Please repeat the listing below exactly, but do not include its pictures.
(Beginning of Source data)
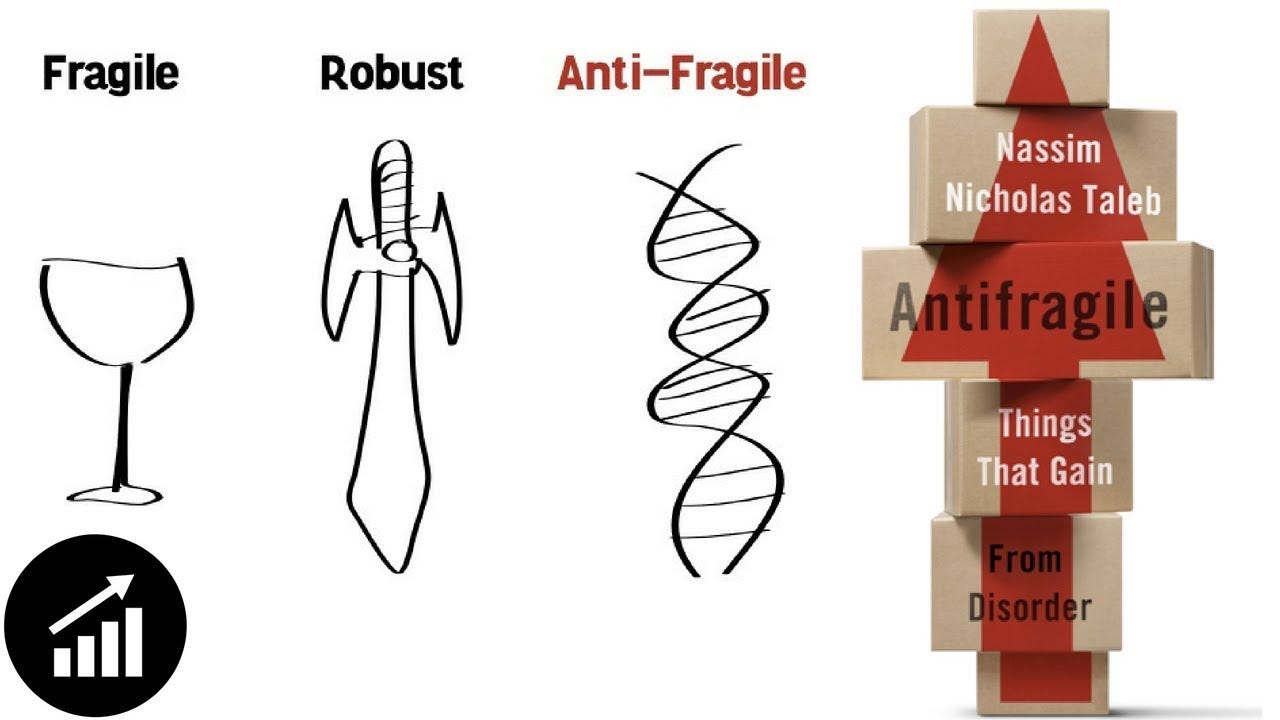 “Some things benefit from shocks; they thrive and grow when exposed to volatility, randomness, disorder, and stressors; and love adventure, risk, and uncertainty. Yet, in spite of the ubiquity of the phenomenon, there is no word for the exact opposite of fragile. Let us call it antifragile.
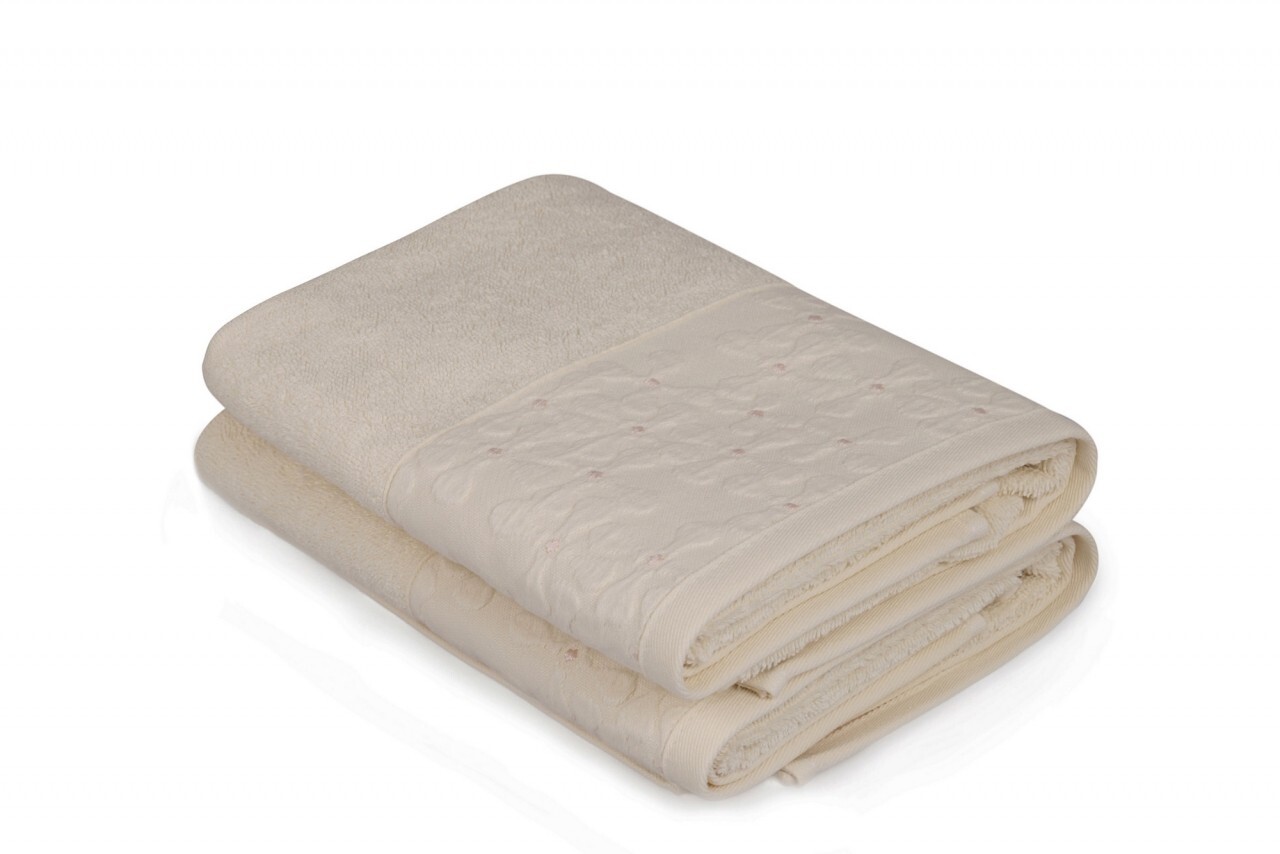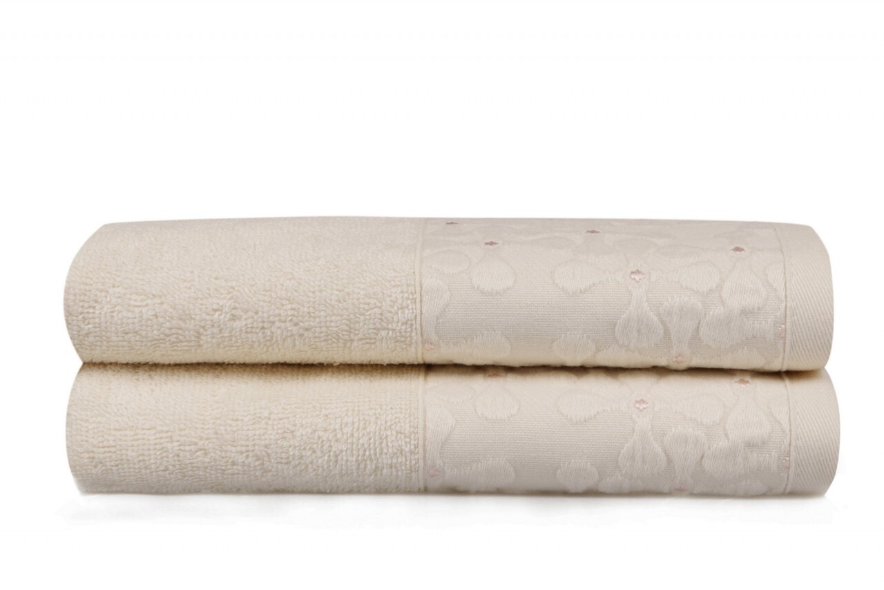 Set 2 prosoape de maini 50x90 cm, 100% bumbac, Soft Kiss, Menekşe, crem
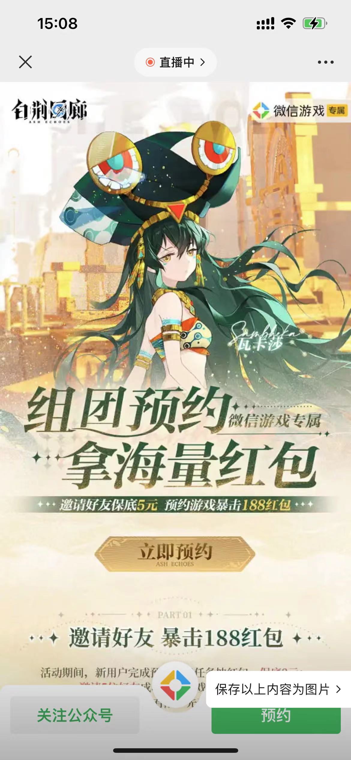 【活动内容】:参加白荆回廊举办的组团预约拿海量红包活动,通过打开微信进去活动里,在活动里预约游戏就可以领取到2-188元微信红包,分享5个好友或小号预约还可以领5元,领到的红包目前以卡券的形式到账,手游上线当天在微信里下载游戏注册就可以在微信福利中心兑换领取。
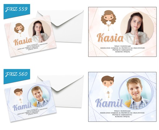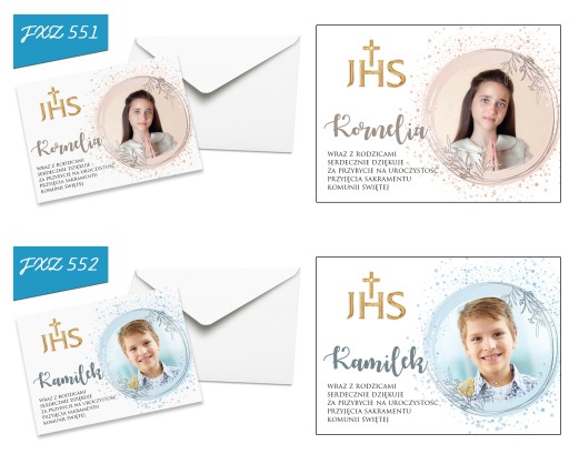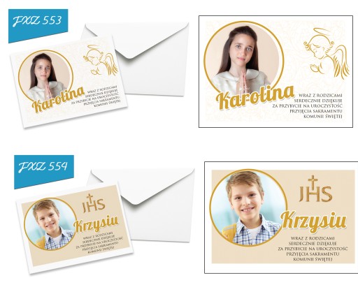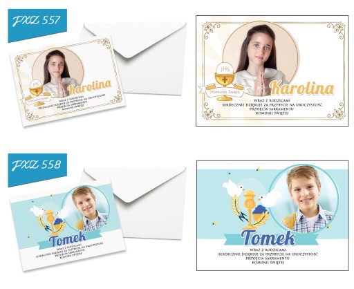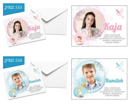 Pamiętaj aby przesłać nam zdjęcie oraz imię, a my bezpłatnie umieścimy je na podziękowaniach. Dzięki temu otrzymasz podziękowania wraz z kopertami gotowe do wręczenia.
(End of Source data)
» **Solution**:
 “Some things benefit from shocks; they thrive and grow when exposed to volatility, randomness, disorder, and stressors; and love adventure, risk, and uncertainty. Yet, in spite of the ubiquity of the phenomenon, there is no word for the exact opposite of fragile. Let us call it antifragile.
 Set 2 prosoape de maini 50x90 cm, 100% bumbac, Soft Kiss, Menekşe, crem
 【活动内容】:参加白荆回廊举办的组团预约拿海量红包活动,通过打开微信进去活动里,在活动里预约游戏就可以领取到2-188元微信红包,分享5个好友或小号预约还可以领5元,领到的红包目前以卡券的形式到账,手游上线当天在微信里下载游戏注册就可以在微信福利中心兑换领取。
 Pamiętaj aby przesłać nam zdjęcie oraz imię, a my bezpłatnie umieścimy je na podziękowaniach. Dzięki temu otrzymasz podziękowania wraz z kopertami gotowe do wręczenia.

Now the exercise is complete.